[Data shown]
# # #

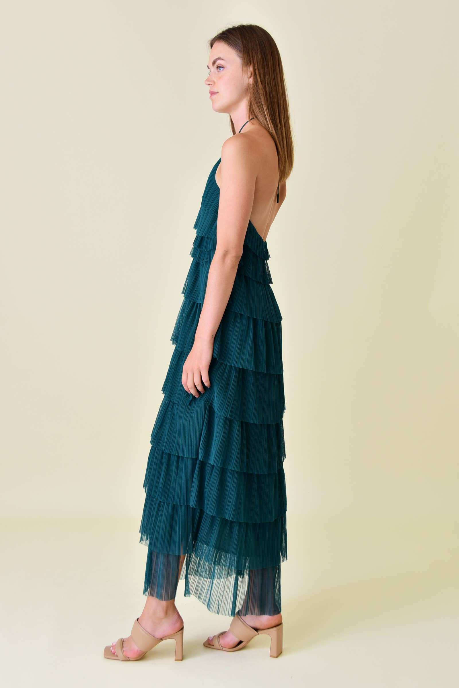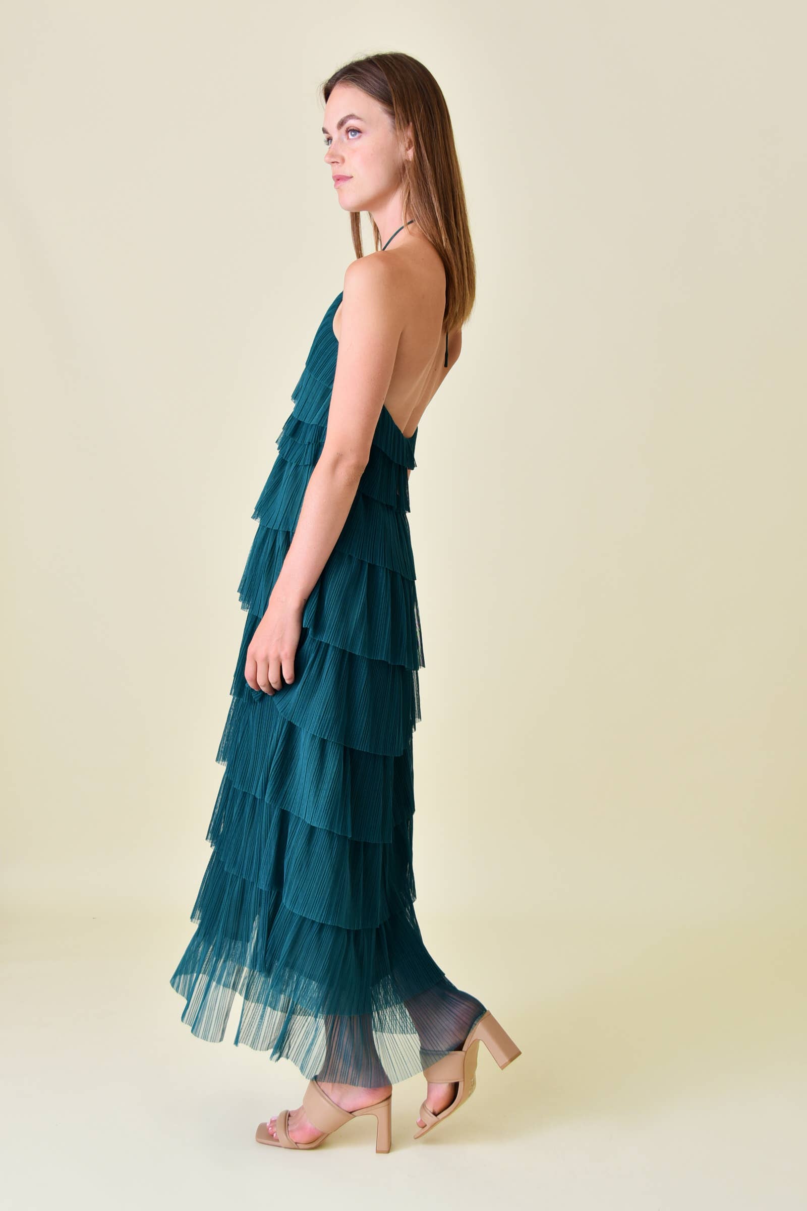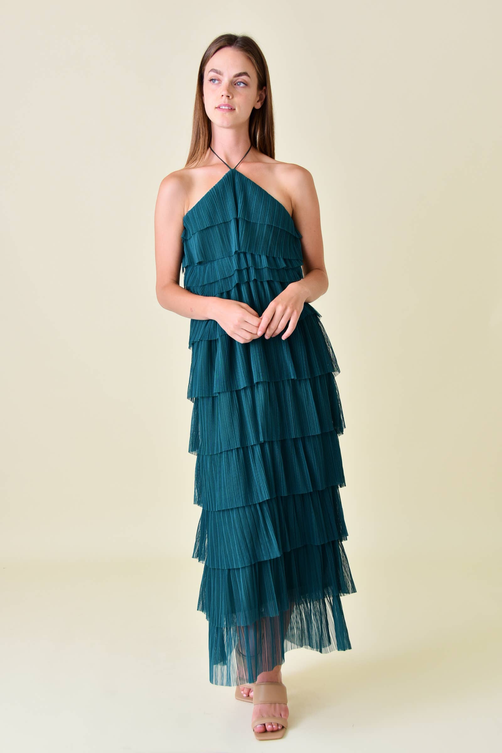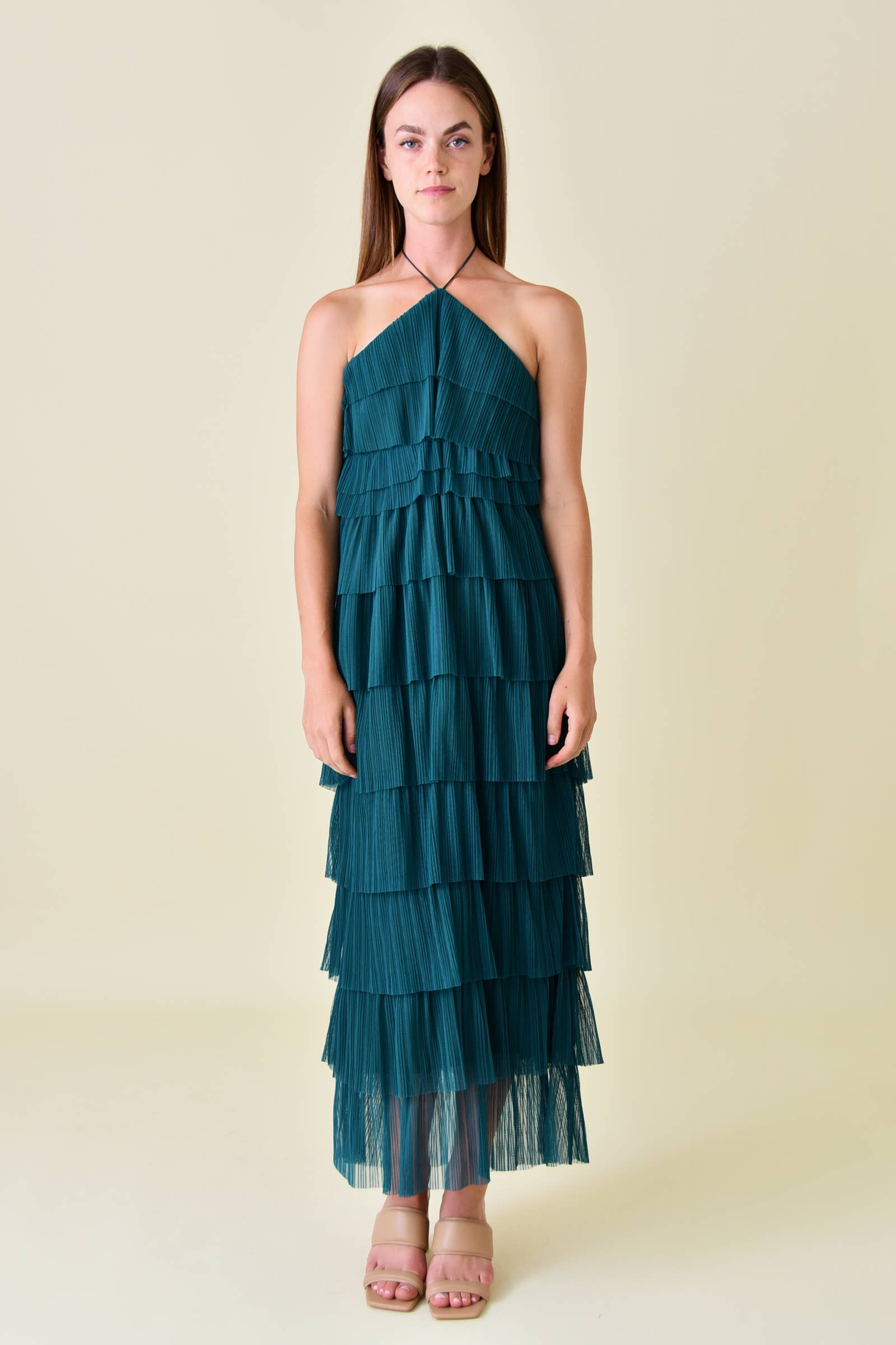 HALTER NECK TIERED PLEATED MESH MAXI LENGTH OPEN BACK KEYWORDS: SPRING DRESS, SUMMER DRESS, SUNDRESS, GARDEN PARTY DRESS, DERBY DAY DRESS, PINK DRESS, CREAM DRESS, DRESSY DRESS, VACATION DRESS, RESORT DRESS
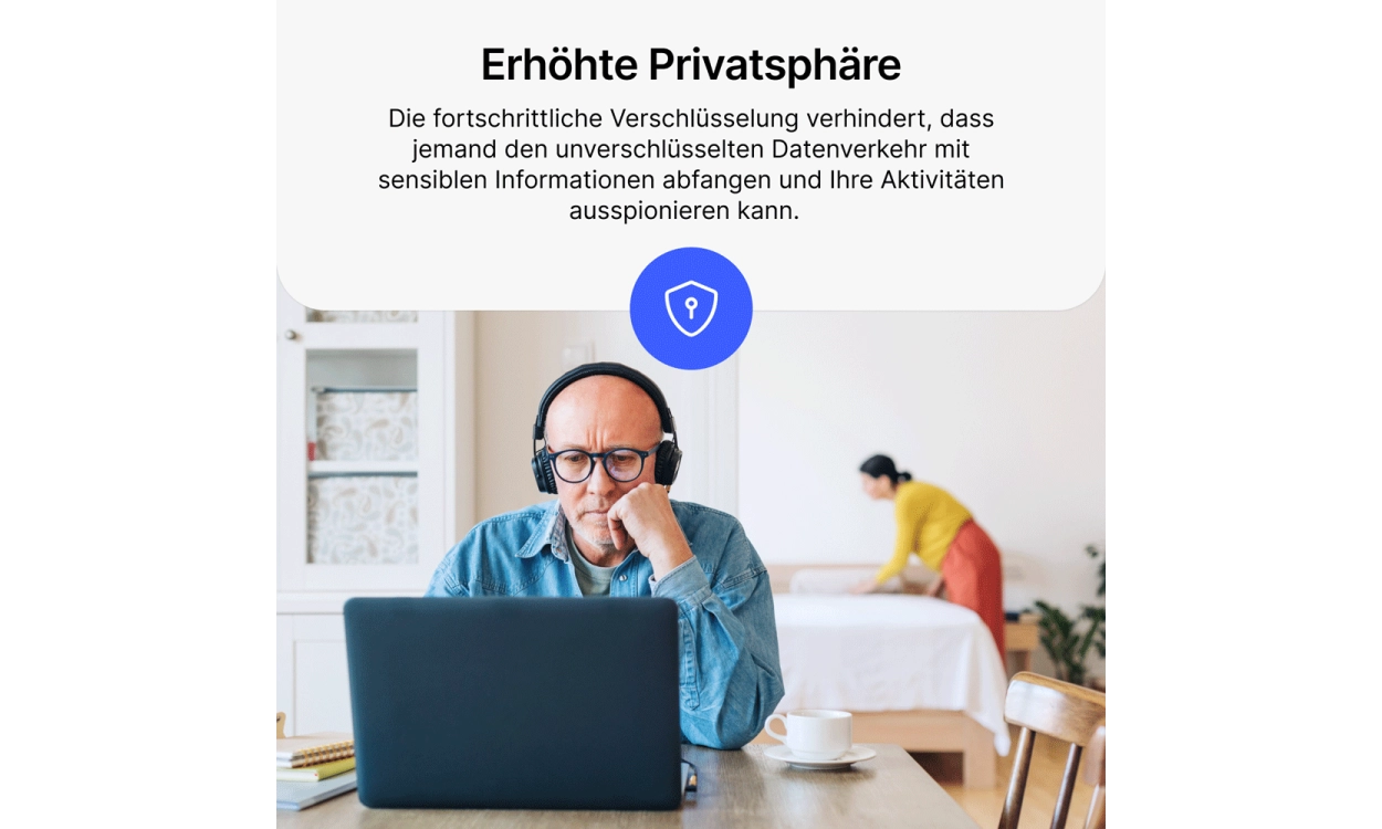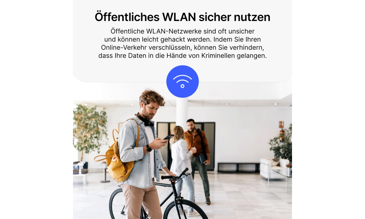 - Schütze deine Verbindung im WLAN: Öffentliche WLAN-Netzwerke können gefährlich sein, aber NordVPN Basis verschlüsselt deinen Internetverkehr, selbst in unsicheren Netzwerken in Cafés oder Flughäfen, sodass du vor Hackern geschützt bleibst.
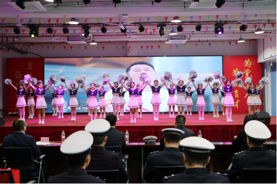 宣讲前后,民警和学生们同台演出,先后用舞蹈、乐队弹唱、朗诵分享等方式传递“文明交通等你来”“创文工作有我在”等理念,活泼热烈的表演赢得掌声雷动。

# # #

[Assigned task] Omit the pictures, then repeat exactly each line from the beginning of the listing through the line with "- Schütze deine".

[Exercise response]
 HALTER NECK TIERED PLEATED MESH MAXI LENGTH OPEN BACK KEYWORDS: SPRING DRESS, SUMMER DRESS, SUNDRESS, GARDEN PARTY DRESS, DERBY DAY DRESS, PINK DRESS, CREAM DRESS, DRESSY DRESS, VACATION DRESS, RESORT DRESS
 - Schütze deine Verbindung im WLAN: Öffentliche WLAN-Netzwerke können gefährlich sein, aber NordVPN Basis verschlüsselt deinen Internetverkehr, selbst in unsicheren Netzwerken in Cafés oder Flughäfen, sodass du vor Hackern geschützt bleibst.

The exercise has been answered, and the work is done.